Northway was injured in such a way that a bystander who came to his aid “possibly saved his life,” Sheriff Ozzie Knezovich said Wednesday.
Knezovich added, “the citizens of Spokane, we owe you a great deal of thanks.”
Spink is recovering “nicely,” Knezovich said. Northway was on the operating table for more than seven hours Tuesday, and is expected to undergo several more surgeries.
As sheriff, “this is sort of your worst nightmare,” Knezovich said, but at least both men are alive.
Knezovich described the deputies as stable and reliable – the type of employees “you can count on.”
Northway started work at the Sheriff’s Office in corrections in 1996 and started on patrol in 1999, police officials said. Spink joined the agency in 1999.
The deputies knew the criminals in their patrol territory, said Deputy Craig Chamberlin, who has worked with both men. “They have great memories for the criminals’ names, birthdates and their associates.”
Chamberlin described both as jokesters, but with different styles. “Mike’s the more sly, sneaky prankster.

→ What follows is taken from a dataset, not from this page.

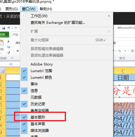 1、在菜单栏中选择窗口,勾选基本图形,就会弹出基本图形,控制面板。在基本图形面板中,切换到编辑状态。
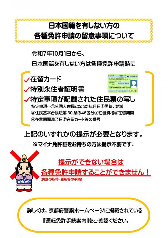 トップページ > 日本国籍を有しない方が免許申請時に必要な書類等が見直されました。

Matt is the more overt one.”
Both men are married and have children.
Knezovich had copies of letters that citizens had written in the past, praising the deputies.
One woman wrote to thank both deputies for helping her daughter, describing them as “kind, calm and helpful.”
A firefighter who encountered Spink at the scene of a crash where one person was dead and others injured wrote that Spink’s “professional manner and willingness to help in any way possible were very reassuring in such a horrific scene.”
On Tuesday, when reports that two officers had been shot began to circulate, every law enforcement officer’s spouse “was wondering who,” Knezovich said.
“We worked very quickly to contact family members and let them know what was happening,” he added.
The sheriff said law enforcement officers couldn’t do their jobs without the support of their families.
“Without them, we would not be the same person. They give us the support we need.”